5. Dordeduh – Har (Prophecy Productions)
It’s difficult to discuss the music of Romania’s Dordeduh without at least touching upon the venerable Negură Bunget and their cult album OM. When Edmond Karban and Cristian Popescu left Negură Bunget in 2009 to start Dordeduh, they took a significant part of their old band’s style and character with them. Unsurprisingly, with Dordeduh’s 2012 excellent debut LP Dar de duh they continued the natural evolution of black metal infused with folk and progressive influences but never quite reached the pinnacle that was OM. Meanwhile, led by sole remaining member Gabriel Mafa (Negru), Negură Bunget stagnated and ultimately dissolved after Mafa’s untimely and tragic death.
More than an homage or re-enactment of the past, Har is the first Dordeduh release that appears as a world of its own, haunted by epic, sprawling cuts, each of them pulsing with vivid melodies and bittersweet atmospheres. The songwriting, playing, and production are exquisite here. Yet in many ways, these technicalities don’t seem to matter, as Har is an album that is ultimately felt rather than just heard if you allow its misty moods and mystique to expand into the ether and flow through thoughts. Striking stuff. – Antonio Poscic
4. King Woman – Celestial Blues (Relapse)

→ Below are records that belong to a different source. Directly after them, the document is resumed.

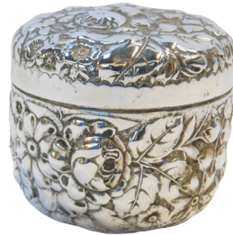
A William IV silver jar and cover, of cylindrical form embossed with flowers, leaves, etc., Birmingham 1830 SOLD for £200
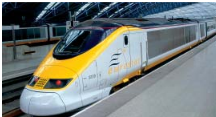
THE RIDE OF YOUR LIFE ABOARD THE EUROSTAR

aboard the ultra-modern Eurostar, one of the world's fastest trains. Zip into London in approximately 2 hours. Visit the world-renowned Madame Tussauds wax museum. Be amazed by the breathtaking views of the city as you ride the
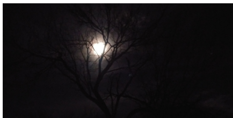
Easton Rankin Junior Long Exposure Best in Class (moon photo)
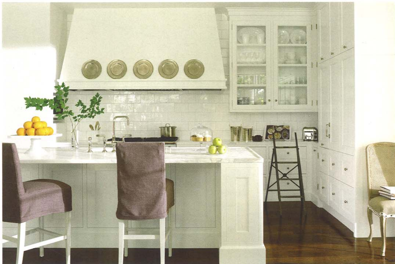
Above: Kasler-designed barstools for Hickory Chair stand at the kitchen island; the cabinetry is by Downsvew Kitchens, the sink fittings are by Michael S. Smith for Kallista, and the tile is by Waterworks. Below right: The kitchen's dining area features an antique Swedish pine table with Regency chairs; the pendant lights are by James Huniford Collection. Opposite, from top: The dining room is furnished with a table and chairs from Kasler's line for Hickory Chair; the room's dark-leather-clad chairs are vintage Jansen, the silver-plate punch bowl is by Ralph Lauren Home, the custom-made wall covering is by de Gournay, and the sisal is by Stark Carpet. Sofas by Janus et Cie and 1950s French woven chairs from the Nicholson Gallery beckon from the terrace; the sunburst mirror is vintage.
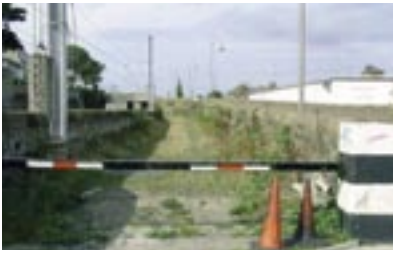
East entry point to Accommodation Walk.
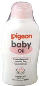
PIGEON BABY OIL 200 PRODUCT CODE: 54998
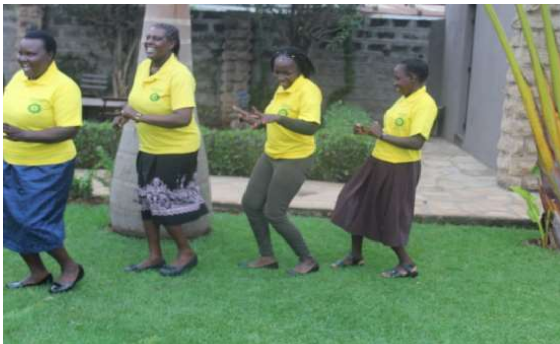
Some of HFAW staff during staff retreat

This grant helped HFAW staff in self-care activities as they are often overworked and underpaid due to limited resources. Other activities in the short project included capacity building (see report below on Motivating staff), advocacy in the community through media and collaboration with community health volunteers to create awareness on Covid-19 safety measures, continue sensitizing the community on the health effects of FGM, and promote respect for children's rights during a time when parents and guardians were dealing with a lot of socio-economic issues. Through this project, we reached 264 school-young adults at Riamoyi secondary school, 300 adults in the community, and over 40,000 people who directly listened to the radio shows.
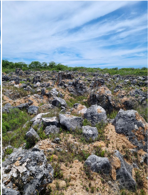
Waypoint 1806 - 6
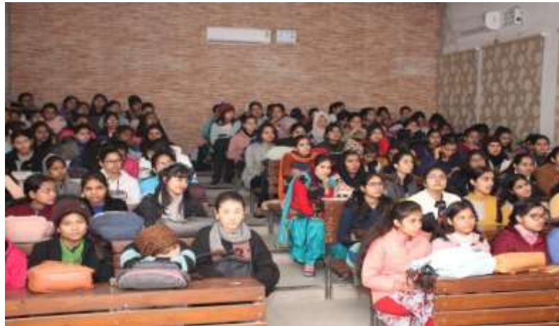
Workshop by UCREATE IT PVT. LTD.
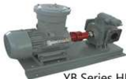
YB Series High Speed Transfer pumps 300I-1200I/PM
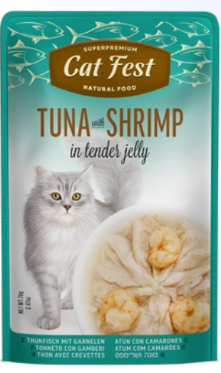
COMPOSITION: tuna 54%, tuna broth 40%, shrimp 4%, yeast extract, fructo-oligosaccharides, anchovy fish oil, salt. ADDITIVES: Nutritional Additives: Vitamin E 800 mg/kg, Taurine 800 mg/kg
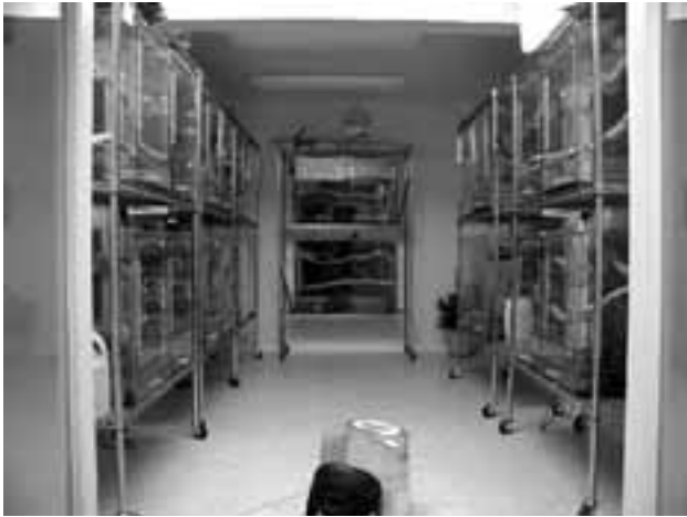
Facility for housing Emerald Tree Boas showing tall cages with large openings that allow ready access for maintenance. Note the humidifier in the foreground; controlling the environment of an entire room precludes the duplication of control mechanisms for each enclosure.

refined techniques for the maintenance of precise atmospheric conditions in greenhouses, and these same strategies can be successfully applied to housing C. caninus .
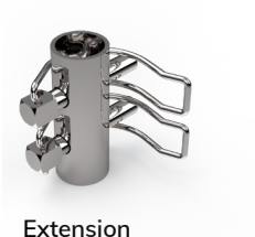
Extension Socket Kit
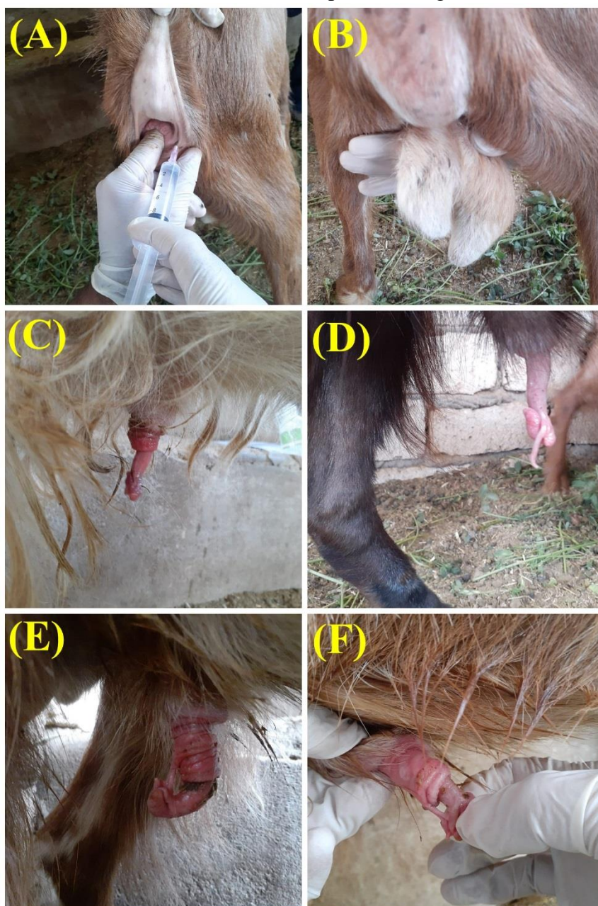
Fig. 1. Pudendal nerve block in male goats. Representative images are showing the ischiorectal fossa approach; where the gloved lubricated left index finger is inserted in the rectum to guide the needle to the slit-like sacroscliotic foramen (A), thorough andrological examination of the desensitized external genitalia (B), completely relaxed and protruded penis (C), completely relaxed penis showing the glans penis and the urethral process (D), and persistent penile frenulum as a congenital male genital system abnormality of the penis and prepuce (E, F).

prolapse of the preputial orifice (Fig. 2A, 2B). Motor blockade, incoordination and associated ataxia were observed in all animals with varying degree. Moreover, one treated male goat showed recumbency due to paralysis of the hind limbs after epidural analgesia.
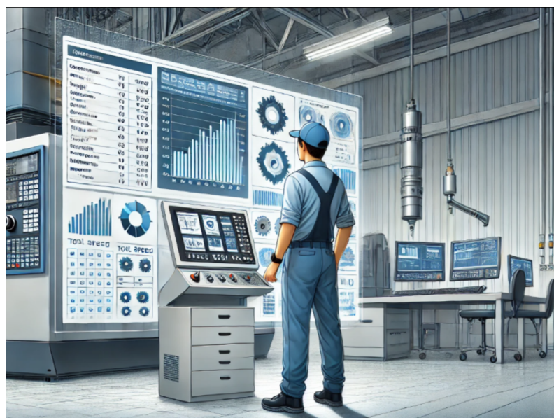
Fig. 1: eXpert Knowledge formalization for a human-centered manufacturing
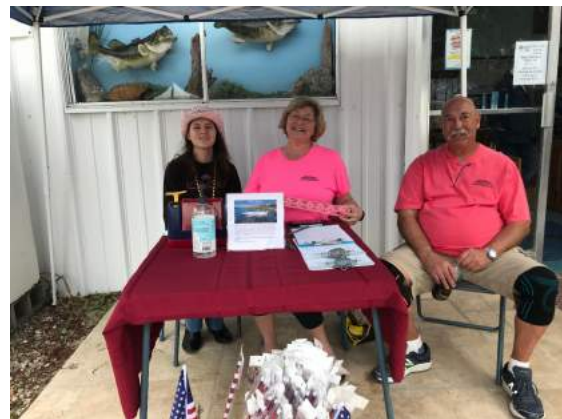
Thank you to our volunteers that worked the river tour signup table
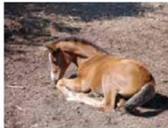
KB Sigal Fahim KB Omega Fahim++/ X Sophie AF
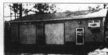
4672 LONG BEACH ROAD, 1200 sq. ft. building on one acre. Septic system, located in good traffic area. Priced at $200,000.
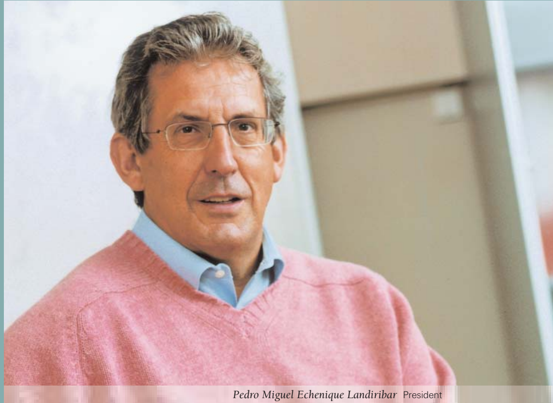
Pedro Miguel Echenique Landiribar President

DIPC started as an intellectual center with the principal aim of promoting and facilitating the development of basic and oriented research in materials science to the highest level.
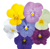
Clear Mix VC0192R/E
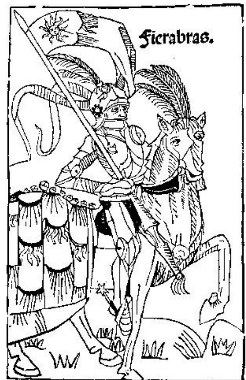
Knight on horseback; from Fierabras , Lyon, about 1485

Come along to practices and get used to being around horses. You can learn how to handle the horses, tack and groom, help with resetting and scoring the games. Do let us know if you want to learn – we'd be happy to take time out to show you things if you ask.
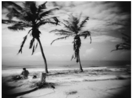
Untitled3 © Dagher
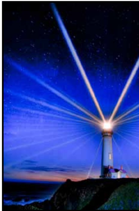
“Pigeon Point Lighthouse” by Ron
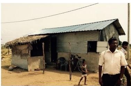
Sampoor Recently Built Housing- Additional Houses to be funded by IMHO
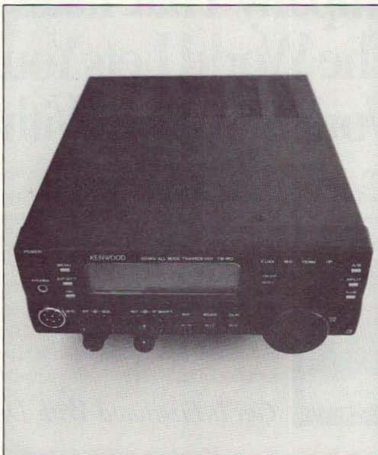
Photo A. The Kenwood TS-60S all-mode transceiver.
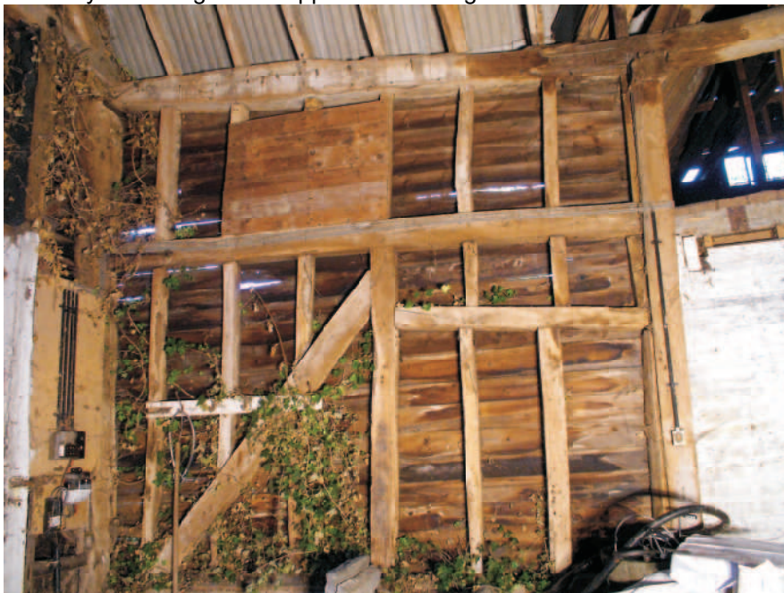
Walling to west side of midstrey is to same pattern as main body of barn. Heavy section long primary brace, no midrail but door head rail.
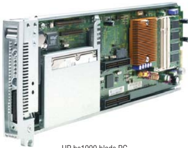
HP bc1000 blade PC

including processors, memory, and network connections on a single circuit board. While server-based computing today mostly exists in a hybrid sense, in that users access some applications via the server and some directly on the user's desktop, the CCI solution would have a blade dedicated to individual users and all applications would reside on the blade. "This approach would enable users to have a dedicated desktop while logged onto the network, but there would be no need for every PC to have a dedicated hard drive, processor, and memory," Taylor observed. He reasoned that with greater computing performance and a simplified client environment, support, maintenance, and management would be easier – and further analysis showed that customers could anticipate saving 25 to 50% on their operating expenses.
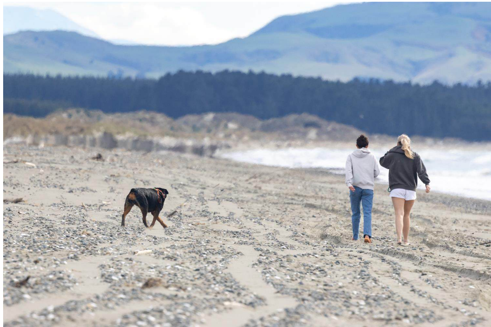
9 October, 10.29am. Dog off leash past sign, heading towards dotterel nests.
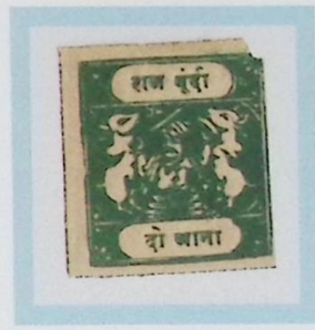
Like SG 40 2 annas myrtle green vs. actual s/b emerald (dam.) Toned medium wove paper Type C inscription F1 forgery cliché B
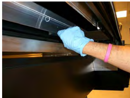
Sliding UV Shield
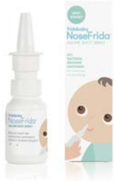
Nosefrida Saline Snót Spray UPC: 851877006042 MSRP $5.99 Qty Per Unit 1 | Case Pack 6
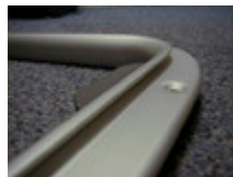
Flanged Lower Frame
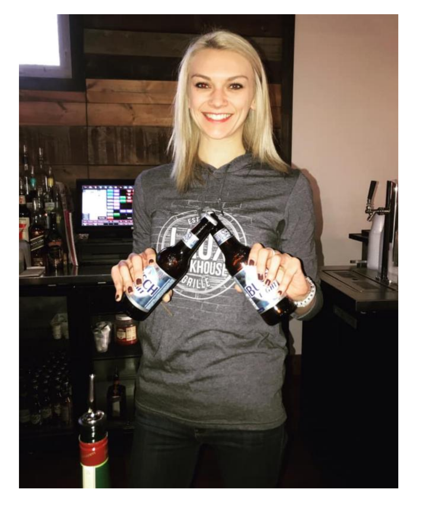
BETHALTO - The Brick Hall at 212 N. Prairie St. in Bethalto has become a strong business force as a performance and event venue, a wedding venue and restaurant.
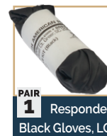
PAIR 1 Responder Black Gloves, LG
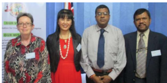
The Minister of Education in Fiji met the APQR Review Panel
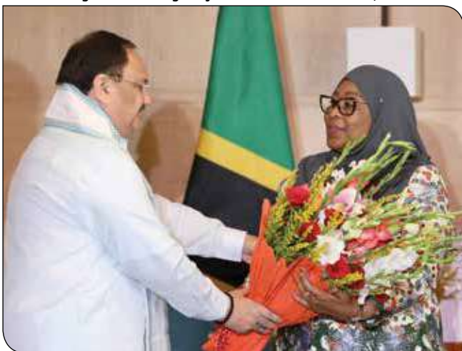
BJP National President Shri Jagat Prakash Nadda meets President of Tanzania Samia Suluhu Hassan in New Delhi on 11 October, 2023
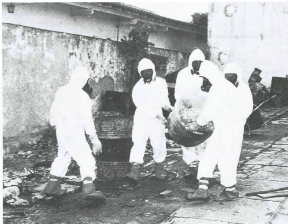
Contaminated items being removed.

matological and medical examinations, good nursing care and bioassay of blood cultures contributed to the early detection and therapy of local systemic infections.
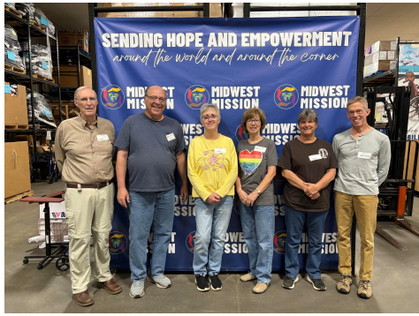
Douglas Avenue UMC Springfield, IL
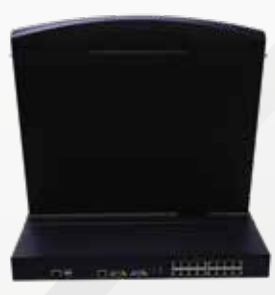
AL-UV9416iL REAR VIEW
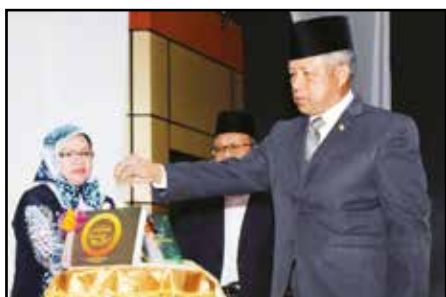
17. Literary Authors Important in Society
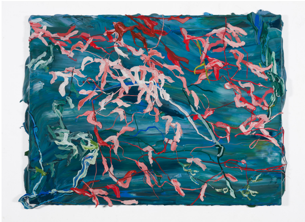
Caught in Meander 2026 Acrylic paint on canvas 85 x 65 x 4,5 cm EUR 3,000 (net)
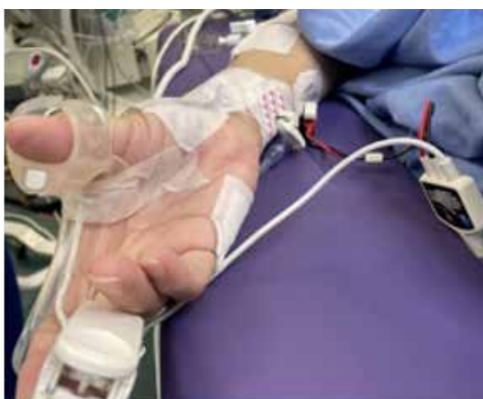
FIGURE 2. Philips Intellivue NMT monitor (Royal Philips Electronics, Amsterdam, The Netherlands)

Datas were obtained from electronic records to build a single, de-identified database. TOFR was measured by either electromyography or acceleromyography using the following monitors: NMT Electron Sensor (GE HealthCare, Chicago, United States; Figure 1) and Philips Intellivue NMT monitor (Royal Philips Electronics, Amsterdam, The Netherlands; Figure 2).
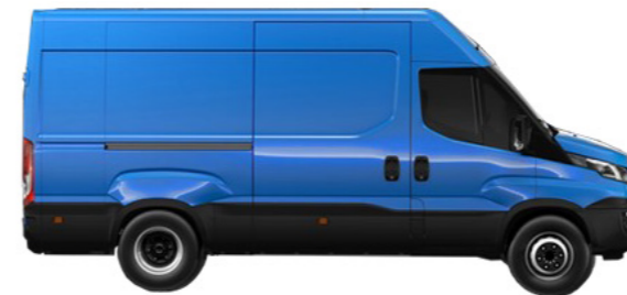
Iveco Daily 35S12V
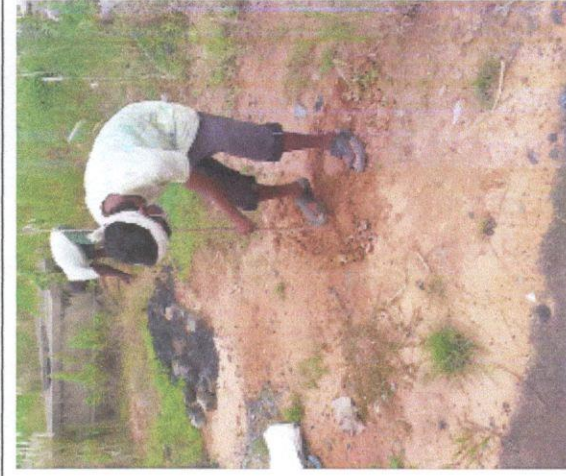
Plantation in Sainik School, Gosala Chipilma Road Sambalpur
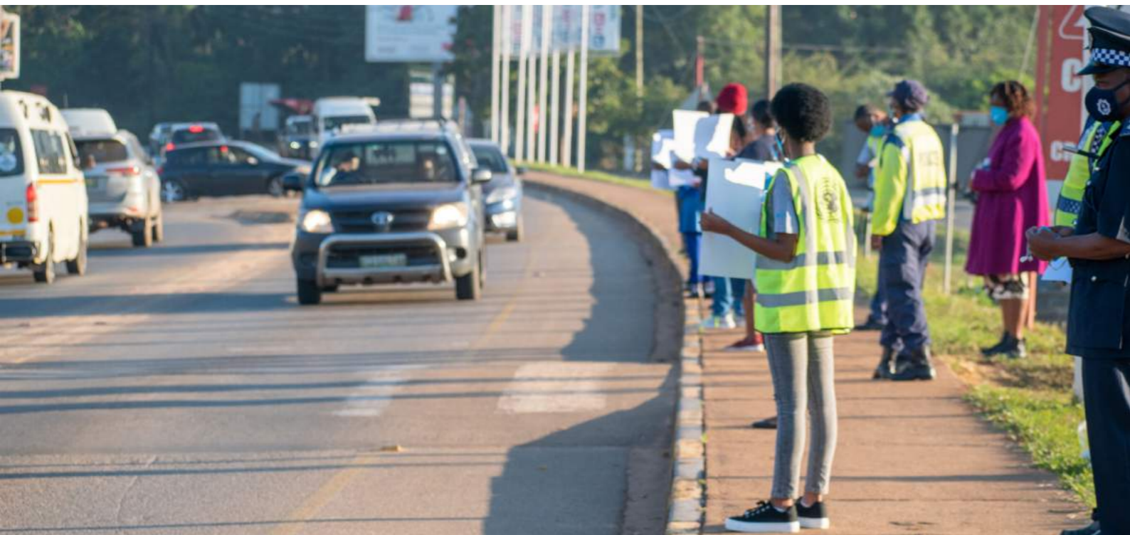
UN Staff Associations and the UN Department of Safety and Security (UNDSS), joined partners to commemorate the 6th UN Global Road Safety Week

King Woman has been balancing between the gritty and the ethereal. The earthy and the otherworldly, a feature that has been highlighted in the split between doom/drone motifs and shoegaze verging on dream pop. It is a split that defines Celestial Blues, appearing straight away through the opening track. Bluesy in its demeanor, in that it carries a certain melancholy but at the same time being elevated to celestial heights. The Sabbathian heritage here is projected through a heavy indie approach, masterfully merging these two disparate worlds. It’s this progression, starting from the mysterious in “Boghz”, moving in mesmerizing notions to explode in huge fits of doom grandeur. While there are times when an even harsher approach is taken, with the punkish attitude of “Coil” seeing an escalated energy driving the endeavor.
Be it the hymnal invocations of “Golgotha”, the evocative nature of “Ruse”, or the direct approach of “Morning Star”, this work feels like it is reaching towards a spiritual level. The Miltionian aspect seals it all together through the minimal “Paradise Lost”, leaving you with the lines from “Morning Star” echoing in your head, “You know that it could have been you, so don’t you judge the things that I do”. King Woman’s finest moment so far. – Spyros Stasis
3. Divide and Dissolve – Gas Lit (Invada)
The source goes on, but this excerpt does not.